All right. Let's land here and scare off everyone in the immediate vicinity. Hmmm. I'm surprised he isn't dead yet. The whiplash alone should have killed him. Given the forces being applied to a body of that age… Assume your best 'menacing' pose, Krihtuzg. That's it. "Feast on his flesh." As if she didn't already know that. What am I doing, playing to an audience or something? I mean, I know it, she knows it, he knows it, who else is around to hear me?
Hello, what's this? I guess someone was around to hear me. Interesting. "I will kill you if you touch him!" A curious statement, to be sure. He could be referring to either Krihtuzg or myself, but I personally have no intention of touching him and she has already touched him and probably broken several of his bones. If I wanted to, it would be fairly elementary to analyze out the force vectors and figure out exactly which bones were broken. But I don't feel like it. I lost my interest in human anatomy a long time ago. Of course, all this analysis is moot because no man can kill me. I mean, honestly, what's the deal with this guy? He's supposed to be scared.
Krihtuzg, at least, knows how to deal with such brave fools. Appetizers. Hmmm. This one apparently doesn't understand the inevitability of his death. As if dodging would really do him that much good and… Huh? What are you doing? What the shit are you doing to my baby?
Okay, now I'm pissed. Krihtuzg should have known better than to leave her neck exposed like that. She made it too easy for this guy. Well, he'll pay. He will suffer for killing you, my love. Screw the sword. He deserves the mace.

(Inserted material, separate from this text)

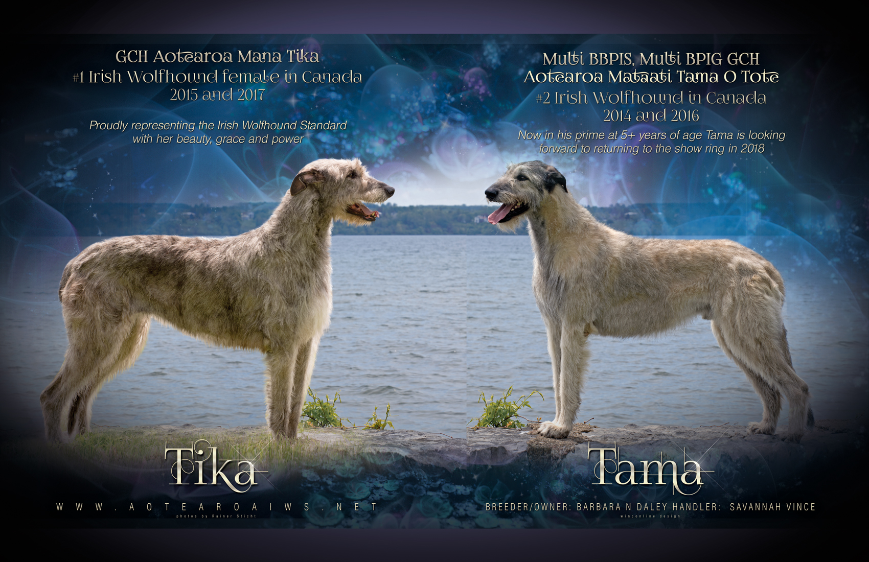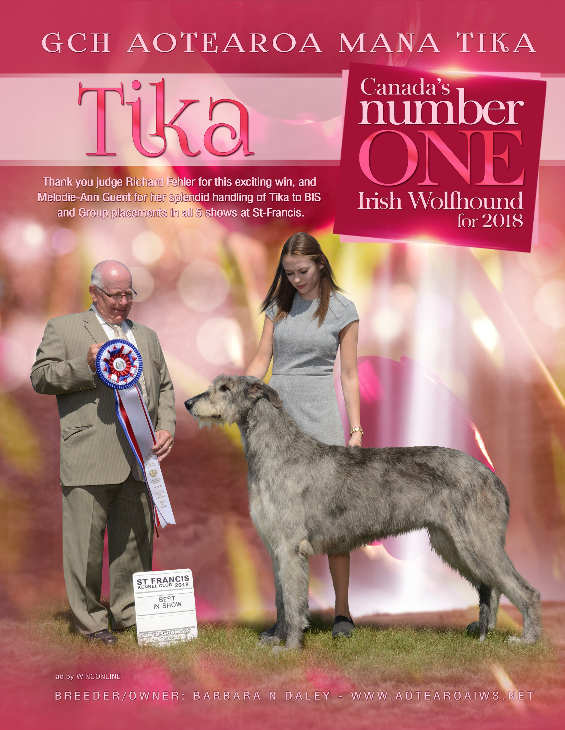 2018 has been a great year for the Aotearoa Irish Wolfhhounds, ending with littermates Tama, GCH Aotearoa Mataati Tama O Tote, and Tika, BIS GCH Aotearoa Mana Tika BOTH in the TOP 5 Irish Wolfhounds in Canada. Tika #1, and Tama #5, based on just his 6 Group placements in 2 weekends in April. To the best of my knowledge this is a first for the breed in Canada for 2 Irish Wolfhound littermates to be in the Top 5 in the same year.
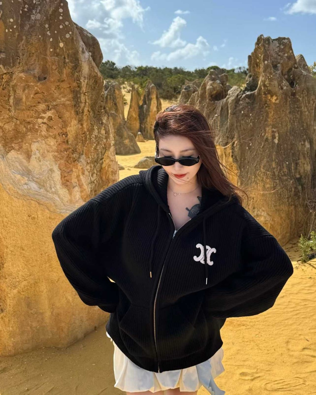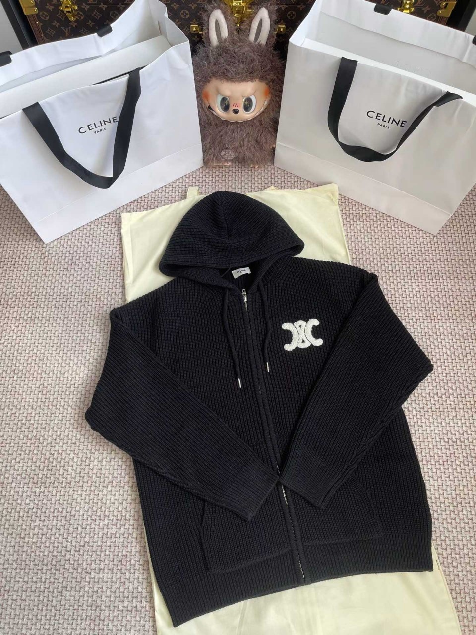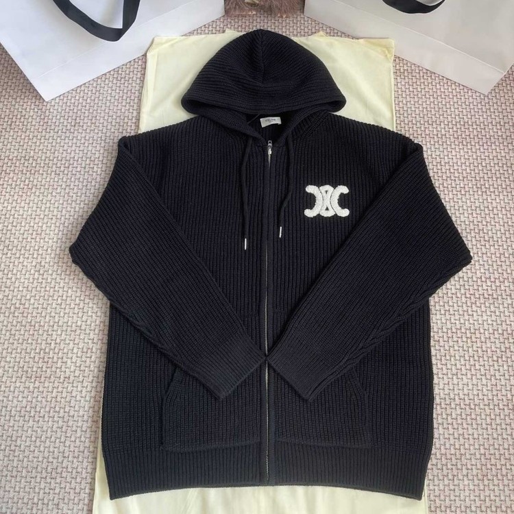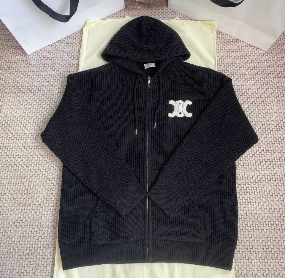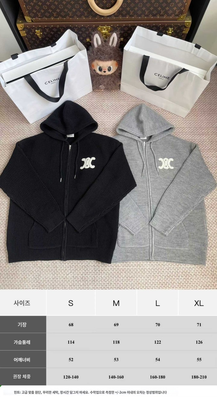 셀린느 리브드 울 후드 가디건

Let him have a good look at it. That's going to really hurt when it hits him. Why don't I try an overhead swing? Aim will be a bit off, but the additional force of gravity pulling it into him should offset the difference. He dodges. I wonder if he's aware that he's already done that. You know, buddy, soldiers with a dodge to the left as their only move don't last very long. You need to challenge yourself, grow, expand your horizons. For instance, if you close to sword range, I won't be able to use my mace. Actually, I will, but that's beside the point. You don't know that. It's much easier to shorten your grip on this handle than you might imagine.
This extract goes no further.